This is not meant to imply that researchers intentionally misbelieve assumptions
which they hold dear; Hintzman goes on to point out that models are useful
in illuminating theories because researchers are subject to a number of
reasoning flaws, such as not being able to track a large number of variables
simultaneously or being biased to accepting often heard statements as true.
-
The computational model gives the researcher a solid basis on which to
perform empirical evaluation. Through rigorous experimentation with the
model, the research can evaluate the power of the theory in question. This
evaluation of the model can also lead to refinement of the theory. As Cohen
states (Cohen,
1995):
Studying [computer] systems is not very different from studying
moderately intelligent animals such as rats. One obliges the agent (rat
or program) to perform a task according to an experimental protocol, observing
and analyzing the macro- and micro-structure of its behavior. Afterword,
if the subject is a rat, its head is opened up or chopped off; and if it
is a program, its innards are fiddled with.
If the model does something unexpected, then the theory can be modified
and the model re-evaluated. The unexpected behavior might represent an
inadequacy in the theory or sometimes even an unusual success.
-
The researcher interested in psychological theory derives an additional
benefit: the behaviors produced by the model can be compared with psychological
data. This allows the cognitive basis or plausibility of the theory to
be evaluated. Often, experimentation with the model provides predictions
that can be evaluated through additional psychological experiments.
-
The model allows the researcher to test the assumptions of the theory—which
ones are warranted, which ones are ad hoc, which ones are simply
wrong. The model forces the researcher to critically examine why the theory
works at an empirical level.
-
Finally, the model can allow the researcher to generalize the theory. Cohen
uses coherent explanations as an example (Cohen,
1995). If one builds a model which produces coherent explanations,
one can then examine that model to determine precisely what aspects of
it are responsible for its behavior. Once this is done, one is able to
manipulate the model in ways which can test the predictions of the underlying
theory and generalize the causal mechanisms involved. For example, one
might be able to reuse a portion of the model for a task other than reading
which requires the construction of coherent explanations.

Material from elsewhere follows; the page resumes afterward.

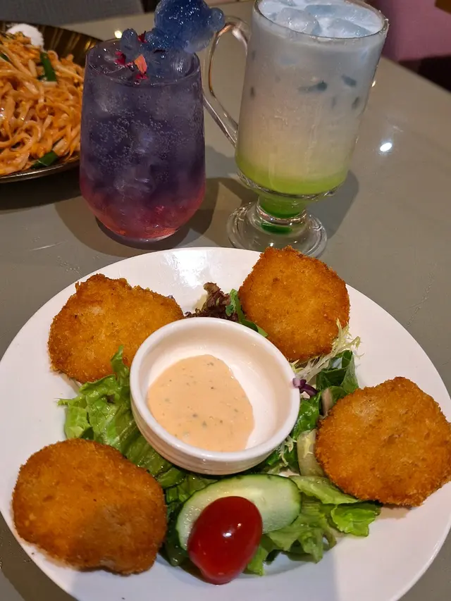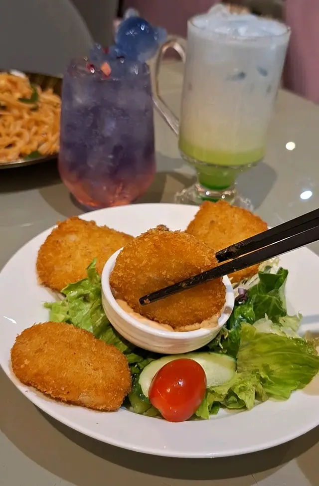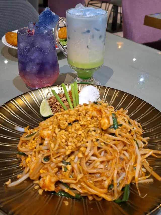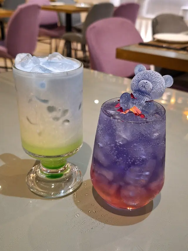 呢間餐廳嘅特飲都好靚好吸睛,泰火特飲外觀係紫藍紅漸變色,仲有小熊冰塊,好夢幻好少女心好打卡able, 味道係蝶豆花加入梳打水,仲有檸檬汁, 味道超級清新, 解暑消膩一流。

Reading is a large, complicated, and ill-defined cognitive behavior, and
one that is extremely difficult to capture theoretically. However, for
the above reasons, computational modeling is a promising approach towards
this problem. Even if implemented models are still primitive with respect
to human performance, the endeavor of theorizing about, building, evaluating,
and revising these models can add significantly to our knowledge of the
human reading capacity.
The tasks of reading
A theory of reading, as we have defined it, must deal with a wide range
of issues and account for a wide range of behaviors and capabilities. Consider
the following example (Henry,
1986), which is the first paragraph of a longer story:
One dollar and eighty-seven cents. That was all. And sixty
cents of it was in pennies. Pennies saved one and two at a time by bulldozing
the grocer and the vegetable man and the butcher until one's cheeks burned
with the silent imputation of parsimony that such close dealing implied.

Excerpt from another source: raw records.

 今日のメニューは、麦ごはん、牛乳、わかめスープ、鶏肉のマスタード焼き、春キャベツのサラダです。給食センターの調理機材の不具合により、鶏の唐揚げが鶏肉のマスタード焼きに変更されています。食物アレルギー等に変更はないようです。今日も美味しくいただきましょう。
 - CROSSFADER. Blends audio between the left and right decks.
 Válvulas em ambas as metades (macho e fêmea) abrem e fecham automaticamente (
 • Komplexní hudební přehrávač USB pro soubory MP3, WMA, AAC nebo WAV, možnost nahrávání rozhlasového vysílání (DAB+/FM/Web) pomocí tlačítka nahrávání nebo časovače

Three times Della counted it. One dollar and eighty-seven cents. And the
next day would be Christmas.
Some of the pieces of this puzzle include:
-
Processing words and sentences: The starting point for reading is the input
of the words in a sentence, word-by-word, sentence-by-sentence. Before
anything can be understood about the story, for example, the English text
has to be processed at this low-level. Much research in natural language
processing is concerned with how word meanings are looked up (what does
parsimony mean?), how ambiguous words are disambiguated (which meaning
of close should be applied?), how the meanings of the words in a
sentence are combined into a meaning for the sentence as a whole, how anaphora
are resolved (in the second sentence, what does that refer to?),
what the role of various punctuation is, what the tense of the sentence
is, when and how a reader might go back and re-read some text, and so on.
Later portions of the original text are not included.